Saturday, October 6, 2012

Light at the End of the Tunnel

When I look back on the days of my life, I want to remember struggles and successes.

I want to remember trials and triumphs.

I want to remember challenges and victories.

I want to remember dissonance and resolution.

That being said, I am possibly starting another graduate certification in January and, as of now, it is not fully determined when I will complete the program.  It is outlined when I will complete the course work, but the practicum hours are still unclear.  Some of my colleagues, others in my field, have started programs and not finished -- pressed pause in the middle because of scheduling or financial factors -- and then picked up at a later date.  I cannot do that.  I refuse to start a program without an ending in sight.  It is just not my nature to begin something as big as a graduate certification without an end point in mind, and an outline of how I'm going to get there.

I want a light at the end of the tunnel, so I can focus on the light when I'm in the trenches.

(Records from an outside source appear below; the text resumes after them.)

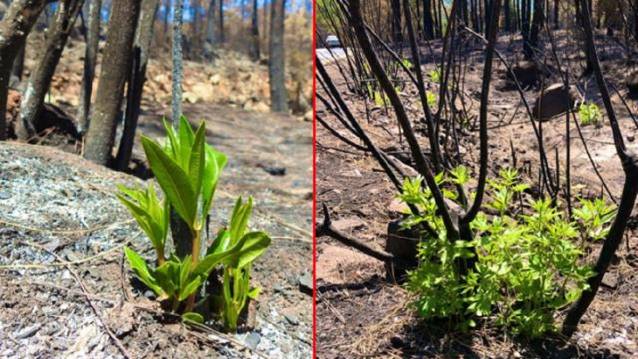 Yangınların üstünden yaklaşık 3 hafta geçtiğini belirten Dr. İlemin, "Hayıt, Sandal başta olmak üzere maki türleri tekrar toprak altından sürgün veriyor ve yeşeriyor" diyerek çektiği fotoğrafları paylaştı.
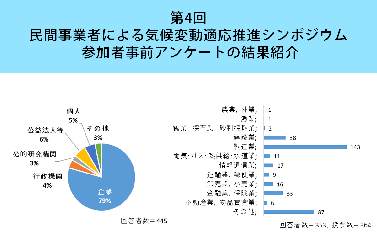 CCCA「第4回民間事業者による気候変動適応推進シンポジウム - TCFDにおける物理的リスクへの取組に向けて -」の事前アンケートの集計結果を掲載しました。
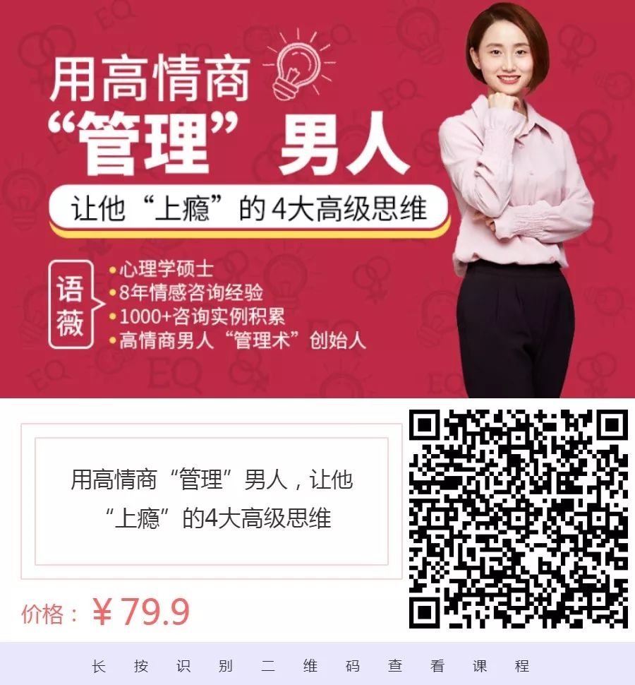 用高情商“管理”男人提升自身魅力让他对你“上瘾”掌握亲密关系主动权11节课学会4大高级思维课程原价399元现在特价79.9元不到一顿下午茶的价格,教你掌握一套终身有效的管理男人方法论
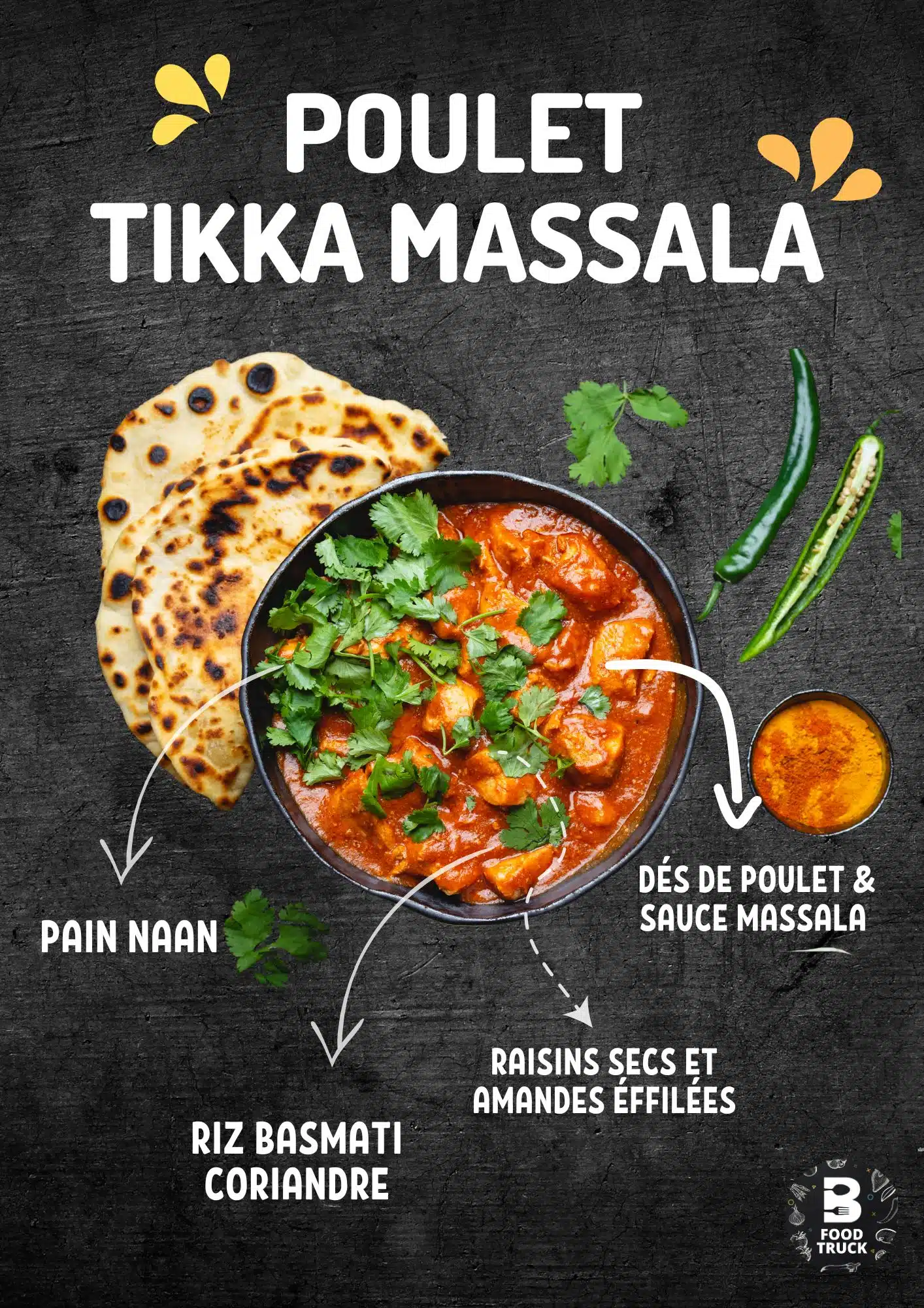 Voyagez à l’Est avec notre cuisine asiatique qui éveille les sens. Du Tikka Massala envoûtant au poulet curry thaï réconfortant, chaque plat est une célébration de saveurs riches et audacieuses.
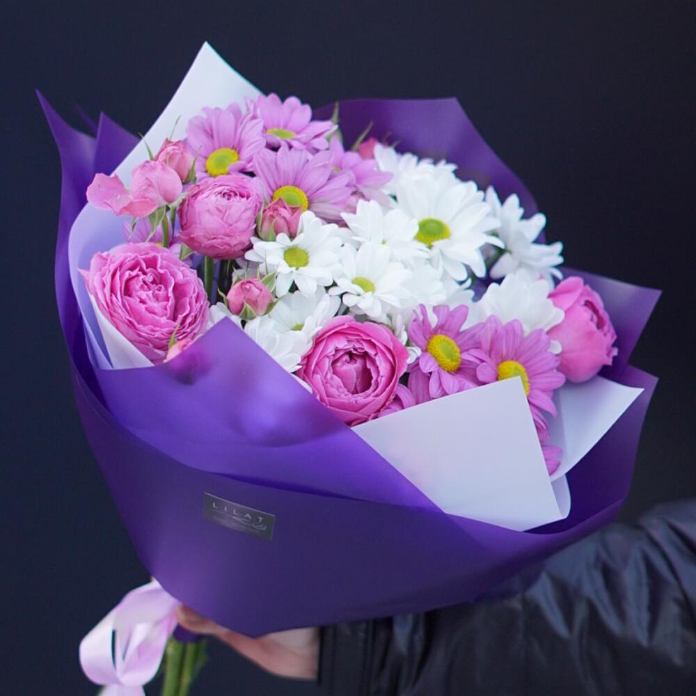 Гвоздики, Кустовые розы, Лизиантусы, Пионовидные розы, Розы
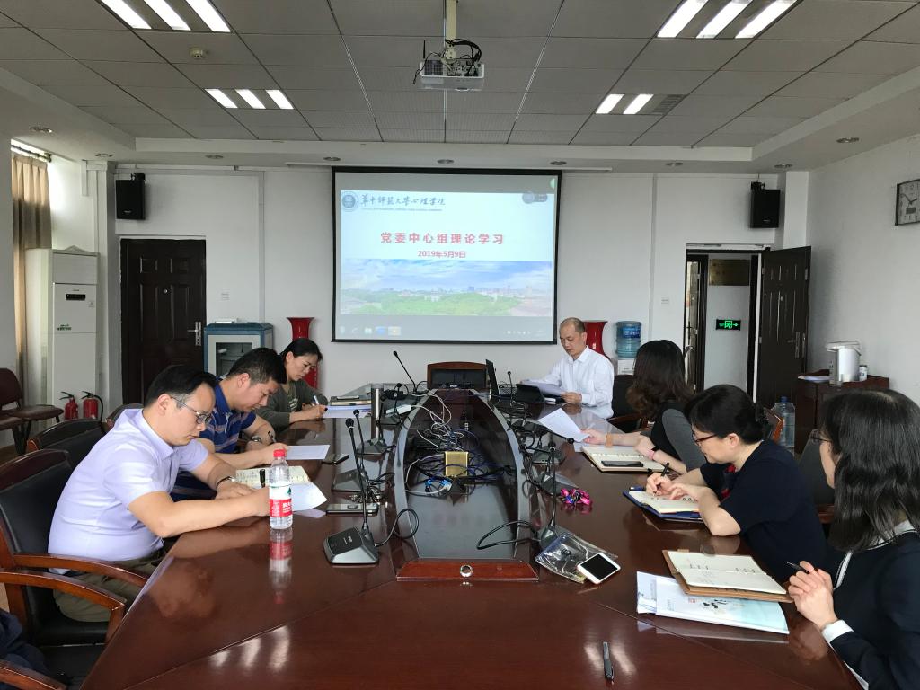 分党委书记马新华首先向中心组成员传达了学校4月30日分党委书记会议的有关精神,随后带领大家学习了2019年全国两会精神。
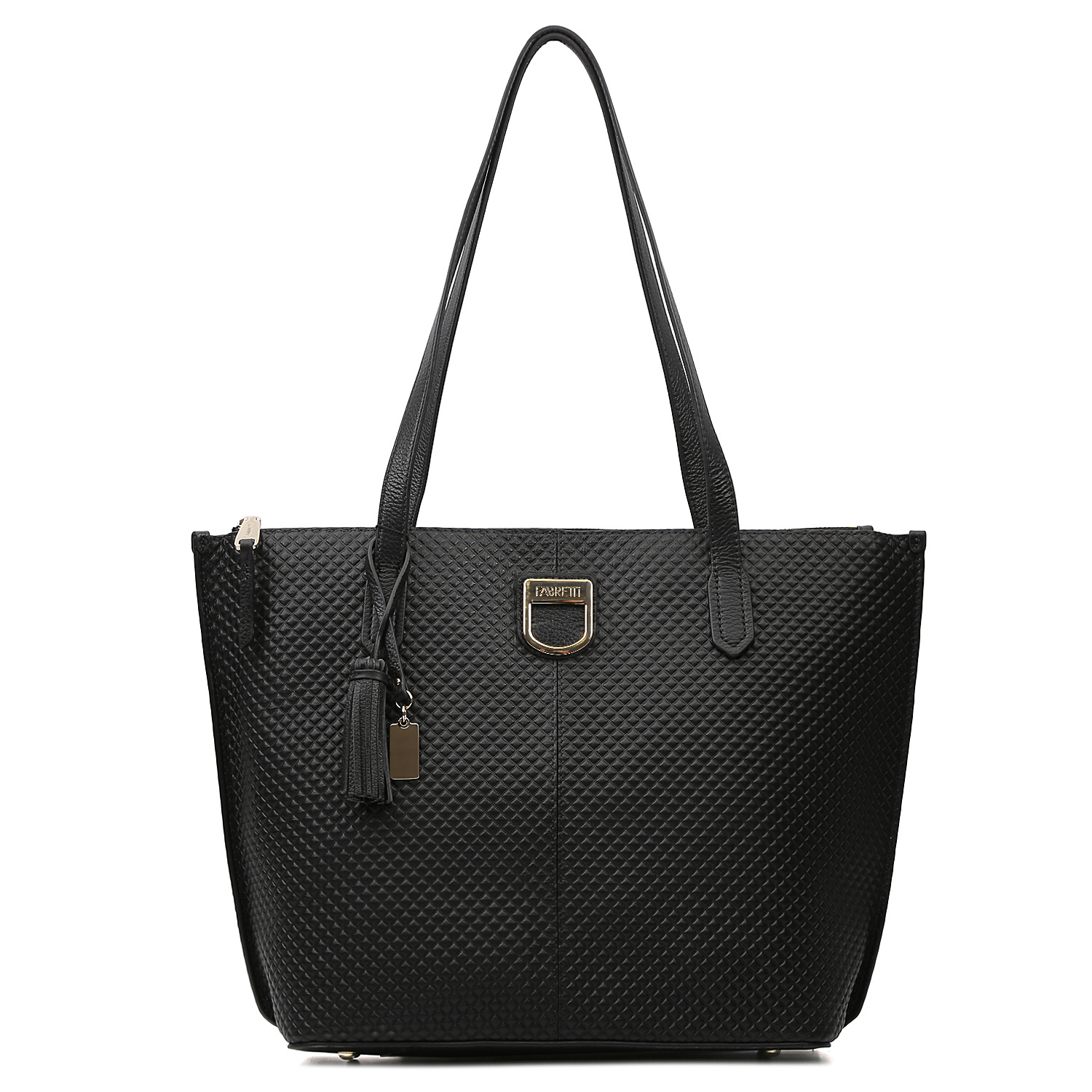 Выразительная сумка-шоппер FABRETTI выполнена из натуральной кожи с объемным геометрическим тиснением. Оригинальный дизайн и фурнитура придают модели выразительность. С таким аксессуаром женщина будет выглядеть стильно и элегантно. На тыльной стороне расположен карман на молнии. Основное отделение закрывается на молнию. Внутри находятся 3 небольших кармана на боковых стенках и вместительный карман на молнии - посредине отделения.

The problem is, when the struggles, trials, challenges, and dissonance of life arrive, there is no end point in mind, and no light at the end of the tunnel.  When I find myself in the challenges of life -- the struggles, I want to come through and the trials I know will lead to a beautiful life, a stronger faith and a strength of character, there is no plan for when the challenge will be completed.

How do you say, "It will be okay," when you cannot see the light at the end of the tunnel?
More than that, how do you believe, "It will be okay," when you cannot see the light at the end of the tunnel?